Mother's Day for an ex-mother
April 30, 2017 11:26 AM   Subscribe

How to recognize Mother's Day for a woman whose child died?

Lying in bed this morning with my gf, discussing future weekends. She mentions May 14 is Mothers Day so she's unavailable of course. I mention my family doesn't care too much about Hallmark holidays but I'm kinda lucky because my mother's bday is May 10 so I'll just do some small combo thing/gift as we don't care too much about bdays for oldies (myself included) either.

She says rather emphatically, "Well you'd better do something nice!"

Obviously this relationship is <1 year. And obviously she'll do something fancy with her mother May 14 because she takes it seriously. So we won't be together (I have not met her parents)

Here's the catch. Approx 5 years ago, in a previous marriage, she had a baby who died. I have no details other than "SIDS" and the event completely devastated her, and her marriage.

She might be the most sensitive person I've ever met. I am not the most sensitive person anyone's ever met. But care about her deeply and want to do the right thing.

So... looking for thoughts from hive mind on how/whether to acknowledge this, and if so what would be appropriate?
posted by raider to Human Relations (16 answers total) 4 users marked this as a favorite
 
Does she like flowers? I'd say flowers the day before.
posted by mochapickle at 11:39 AM on April 30, 2017 [4 favorites]
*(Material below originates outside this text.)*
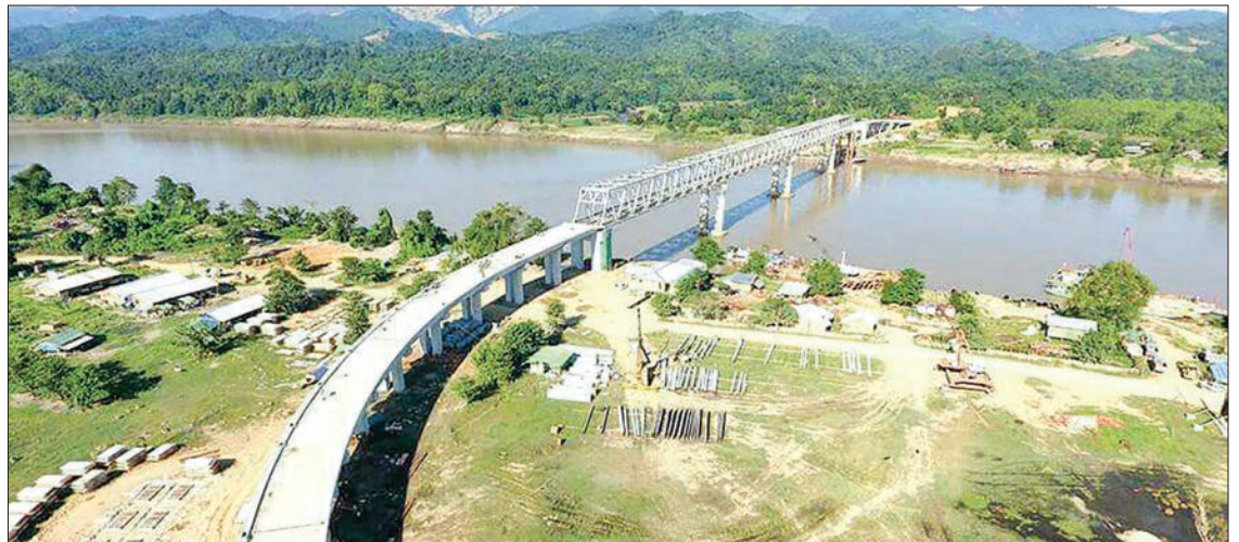
An aerial view of the bridge across the Chindwin River in Khamti.

Initiated since late 2016, the new project is expected to be finalized by March, said U Myo Khine, one of assistant directors of the Bridge Department. The region government funded Ks19.6 billion to the construction of bridge. Upon completion of the project, socio-economic development of local villages in the upper Sagaing Region and Naga area would be improved. The new bridge will be 809.5-meter long and will include 8.5-meter wide motor road and one-meter wide platforms. The bridge

One of the hardest things about losing someone, and especially losing a child, is that it's rare that friends or family will acknowledge the person's life after their passing. Most people fear bringing up or being around sad feelings. So when someone shares a fond memory, or just gives you the space to talk about the passed person, that's a huge kindness.

In this case, having not met the child and having not known the mother at the time that the child was living, I wouldn't actually bring up the child too much in the days leading up to mothers day, as this is a really loaded time, emotionally. I would definitely get a spectacular flower arrangement with a simple note saying I love you.
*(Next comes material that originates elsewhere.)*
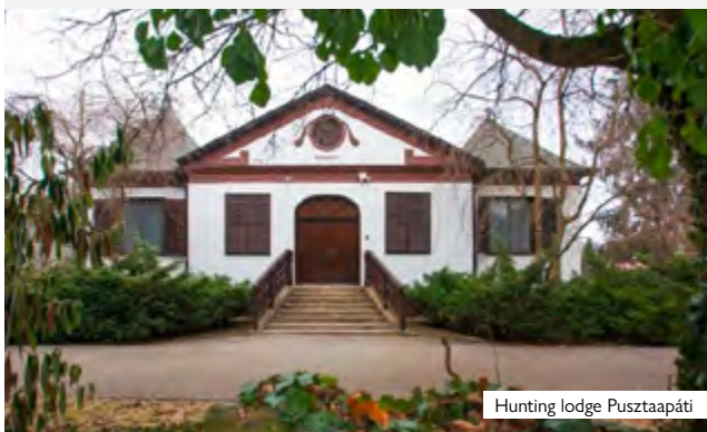
Hunting lodge Pusztaapáti

Later, a week or two down the road, you might ask how she's feeling around mother's day. But when you do, be prepared to really listen and be really empathetic. Be willing to not be afraid of the feelings she's expressing. And don't do it in bed.
posted by vignettist at 11:42 AM on April 30, 2017 [18 favorites]
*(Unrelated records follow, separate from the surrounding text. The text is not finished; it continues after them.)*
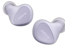
Jabra Elite 3 - Lilac
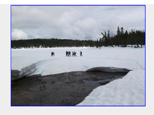
Crossing Lady Lake
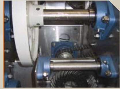
> Reliable rugged and easy to understand mechanics ensure reliable operation

in units of 2, while manual packers come in units of 4. The maximum machine configuration fits 12 outputs, for instance 8 automatic lanes (4 units of 2) and 4 manual lanes (1 unit of 4). The automatic packing lanes offer room for third party equipment such as labelling. For all possible combinations please see table.
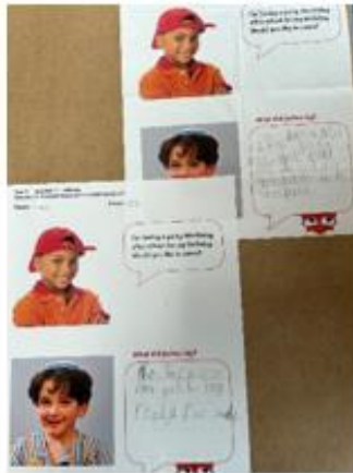
Judaism Year 1

This is very thoughtful of you. I think you should ask your girlfriend whether she would like to be recognized on Mother's Day. Some women in this situation would be touched and others devastated. I imagine this is a really individual thing. If you really want it to be a surprise, are there any of her good friends you know who could guide you?

If she says she would like it, I think it might be best to shy away from anything baby themed and go with flowers, jewelry, or a massage gift certificate. Or else maybe some activity you can do together that you know she enjoys.
posted by Waiting for Pierce Inverarity at 11:44 AM on April 30, 2017 [14 favorites]


I, too, think you should ask. Tell her that while your own family doesn't do much to celebrate these kinds of holidays that you feel like mother's day might feel painful for her and is there anything that you can do for her or offer her to mark the day. Be prepared to shut up and listen and then don't forget to follow-through.
posted by amanda at 11:48 AM on April 30, 2017 [13 favorites]


Best answer: Credential: I am a mother whose first baby died at four months old.

I would acknowledge it with a beautiful card, perhaps a blank card, though I am sure a big Hallmark will have a specific "for mothers who have lost a child" card. Unless you read the inside of that specific card and it is perfect (and not a rhyming poem) maybe don't get that card. If you get a blank card you have to write your own words inside. You can't just write "Happy Mothers Day" and your name. Something like....." I know this day must be hard for you, but I want to acknowledge and celebrate your motherhood."

I would preface the card giving with a very heartfelt introduction acknowledging that you don't know if she'll like this but you didn't want to let the day pass without acknowledging her motherhood. Then say you've made plans to take her out for a meal (you need to have made plans to take her out for a meal). Ask if she's up for that and if not ask what she would like to do.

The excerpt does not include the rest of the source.